Jane Marks, a Licensed Clinical Professional Counselor in Tallahassee, said going back is a big shift, and it is perfectly reasonable to ask for things, like perhaps an office by a window. She recommended using the transition as an opportunity for positive change.

"The idea of going back to a work situation where you may have a little bit more control than you thought you had," Marks observed. "People need you, they need you on the ground, they need boots on the ground, well, you are part of those boots."

Marks added the pandemic has also shifted the idea of self-care. She asserted it is no longer a reward, but a requirement in terms of how we could manage our lives with balance. She recommended listening to our bodies, giving ourselves grace, being patient through stressful situations, eating right, exercising, and getting enough sleep.

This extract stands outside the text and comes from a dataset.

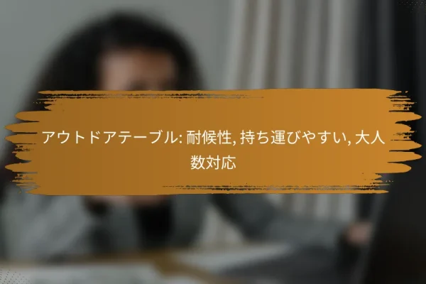 アウトドアテーブルは、耐候性に優れ、持ち運びやすい設計が特徴です。キャンプやピクニック、大人数の集まりなど、さまざまなシーンで活躍し、快適な屋外体験を提供します。適切な素材を選ぶことで、長期間にわたり使用できる耐久性を確保できます。 アウトドアテーブルとは何か? アウトドアテーブルは、屋外での使用を目的としたテーブルで、耐候性や持ち運びやすさが求められます。キャンプやピクニック、大人数の集まりなど、さまざまなシーンで活躍します。 アウトドアテーブルの定義と用途 アウトドアテーブルは、屋外での食事や作業のために設計されたテーブルです。軽量で耐久性があり、持ち運びやすいことが特徴です。 主な用途には、キャンプ、バーベキュー、ピクニック、フェスティバルなどがあり、特に大人数での利用に適しています。 アウトドアテーブルの主要な素材 アウトドアテーブルは、主にアルミニウム、プラスチック、木材などの素材で作られています。アルミニウムは軽量で耐久性が高く、プラスチックは手入れが簡単です。 木材は自然な美しさがありますが、耐候性を高めるために適切なコーティングが必要です。素材選びは、使用シーンに応じて考慮することが重要です。 アウトドアテーブルのサイズと形状 アウトドアテーブルのサイズは、通常、2人から8人以上のグループに対応できるものがあります。長方形、円形、折りたたみ式など、さまざまな形状が存在します。 選ぶ際は、使用する人数やスペースに応じて適切なサイズを選ぶことが大切です。特に、収納や持ち運びを考慮した折りたたみ式が人気です。 アウトドアテーブルのデザインのバリエーション アウトドアテーブルには、シンプルなデザインから、収納機能や調整機能を備えたものまで多様なスタイルがあります。デザインによって、機能性や美しさが異なります。 また、カラーバリエーションやアクセサリー(例えば、カップホルダーや収納ポケット)も豊富で、個々の好みに合わせて選ぶことができます。 耐候性のあるアウトドアテーブルを選ぶには? 耐候性のあるアウトドアテーブルを選ぶ際は、素材や設計が重要です。雨や風、紫外線に耐えることができるテーブルを選ぶことで、長期間使用できるでしょう。 耐候性の重要性とその理由 アウトドアテーブルは、屋外での使用が前提のため、耐候性が不可欠です。耐候性がないと、天候の影響で劣化しやすく、使用寿命が短くなります。 特に、雨や直射日光にさらされると、木材は腐食し、金属は錆びる可能性があります。耐候性のあるテーブルを選ぶことで、これらの問題を回避できます。 耐候性素材の種類と特徴 耐候性のあるアウトドアテーブルには、主にプラスチック、アルミニウム、ステンレススチール、そして耐候性の木材が使用されます。プラスチック製は軽量で持ち運びやすく、アルミニウム製は錆びにくい特性があります。 ステンレススチールは非常に耐久性が高く、長期間の使用に適しています。耐候性の木材は、見た目が美しく、自然な風合いを保ちながらも、適切な処理を施すことで耐久性を向上させることができます。 耐候性の評価基準 耐候性を評価する基準には、耐水性、耐UV性、耐腐食性などがあります。これらの基準は、テーブルがどれだけ厳しい環境に耐えられるかを示します。 例えば、耐水性は水分が素材に浸透するのを防ぐ能力を示し、耐UV性は紫外線による劣化を防ぐ性能を示します。これらの評価基準を確認することで、適切なテーブルを選ぶことができます。 耐候性のテスト方法 耐候性のテスト方法には、実際の環境での使用試験や、特定の条件下での耐久試験があります。例えば、雨水にさらしたり、直射日光に置いたりすることで、素材の反応を観察します。 また、塩水噴霧試験を行うことで、金属の耐腐食性を評価することもあります。これらのテスト結果を参考にすることで、耐候性の高い製品を見極めることが可能です。 持ち運びやすいアウトドアテーブルの特徴は? 持ち運びやすいアウトドアテーブルは、軽量でコンパクトに折りたためる設計が特徴です。これにより、キャンプやピクニックなどのアウトドア活動で簡単に持ち運ぶことができます。 軽量素材の選び方 持ち運びやすいアウトドアテーブルには、アルミニウムやプラスチックなどの軽量素材が適しています。これらの素材は強度がありながらも軽量で、持ち運びが楽になります。 特に、アルミニウム製のテーブルは耐久性が高く、長期間の使用にも耐えられます。選ぶ際は、素材の強度と重量のバランスを考慮しましょう。 折りたたみ機能の利点 折りたたみ機能は、持ち運びやすさを大幅に向上させます。使用しないときはコンパクトに収納でき、車のトランクやバックパックにも収まります。 折りたたみテーブルは、設置も簡単で、数秒で準備が整います。この機能は、特に移動が多いアウトドアシーンで重宝します。 持ち運

Dr. Nicole Brady, chief medical officer for United HealthCare employer and individual for Wisconsin and Michigan, said change can cause people to feel discomfort. So, it can help to use a calendar to plan out your day, so you can be prepared for what's ahead.

"Packing a lunch ahead of time, knowing how we're going to get kids to and from activities," Brady outlined. "But stepping back and doing some advance planning can really alleviate some of that return-to-the-office stress."

It also can help to find out what your company is doing to keep the office safe and mitigate the spread of COVID. Brady suggested using calming apps, which offer mindfulness and meditation exercises, plus access to peer groups and therapy services.